The differences in the two ReportUsage* functions are limited to register reallocation and the substitution of immediate constants with context-pointer-relative loads; the control flow and arithmetic logic are identical.


9. Unmatched Functions

No functions were added or removed in the patched binary (unmatched_unpatched: 0, unmatched_patched: 0). The patch is entirely in-place — all changes are modifications to existing functions, not additions of new security checks or removal of vulnerable helpers.

This is notable because it means the zeroing memset was inserted inline into SmartlockerConstructOriginClaim @ 0x1C001F138 rather than factored into a new wrapper function, and the WIL per-descriptor context refactor was accomplished by rethreading parameters through the existing call chain rather than introducing new dispatch functions.


10. Confidence & Caveats

Confidence: High (for Finding 1), High (for Finding 2 being a non-issue)

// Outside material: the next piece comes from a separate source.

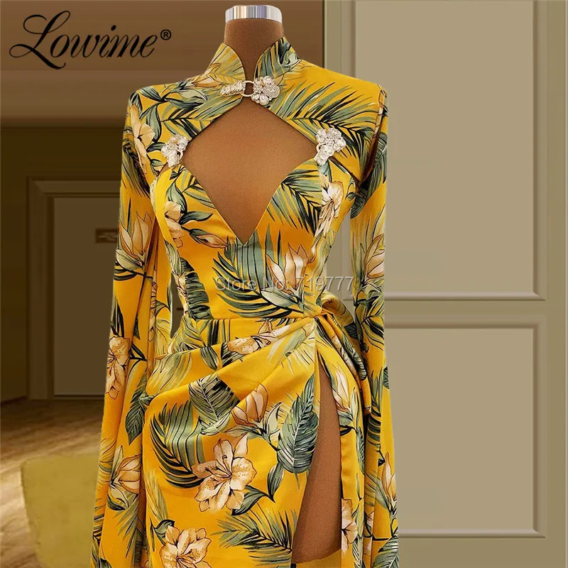 Длинное вечернее платье, желтое, с жакетом, с цветочным принтом

Finding 1 (uninitialized memory, Low): - The unpatched assembly shows ExAllocatePoolWithTag followed by partial initialization with no intervening zeroing call, leaving 4 bytes uninitialized when arg5 == NULL and roughly 6 trailing bytes otherwise. This is unambiguous. - The patched build adds a zeroing memset, but only on the path taken when Feature_965997883 is enabled; the feature-disabled path allocates without zeroing (identical to unpatched). The fix is a staged rollout. - The uninitialized tail is carried at full length into a process-token security attribute (SeSetSecurityAttributesToken) and a file extended attribute (AipSetEaFromOrigin). Both object types are user-mode-queryable by Windows design, but that final read is performed by the OS; the driver itself does not copy the buffer to a user IRP/IOCTL output. The disclosed quantity is small (4–6 bytes), which keeps the practical severity Low.

Finding 2 (WIL feature-state refactor, not a security issue): - Both builds use the same lock-free atomic compare-and-swap with a re-read-and-retry loop; there is no genuine data race. The only change is that the descriptor is passed as a per-descriptor context parameter (arg3) rather than read from the single global descriptor. - These functions manipulate only WIL feature enablement/usage telemetry bits; none participate in an AppLocker allow/deny decision. There is no security impact.

What a researcher should verify manually:

  1. Finding 1: Confirm whether Feature_965997883 is enabled by default in the shipped configuration; if disabled, the patched driver leaves the uninitialized-allocation path in place.
  2. Finding 1: Determine, on a live system, whether the residue placed into the token security attribute and file extended attribute is in practice queryable by an unprivileged process (NtQueryInformationToken(TokenSecurityAttributes), NtQueryEaFile), and whether the 4–6 uninitialized bytes ever carry sensitive content.
  3. Finding 1: Driver Verifier with special pool can be used to confirm the use of uninitialized memory.
  4. All: The 0x1C00xxxx addresses in this analysis are RVAs from the preferred image base, not absolute runtime addresses; confirm the loaded module base at runtime.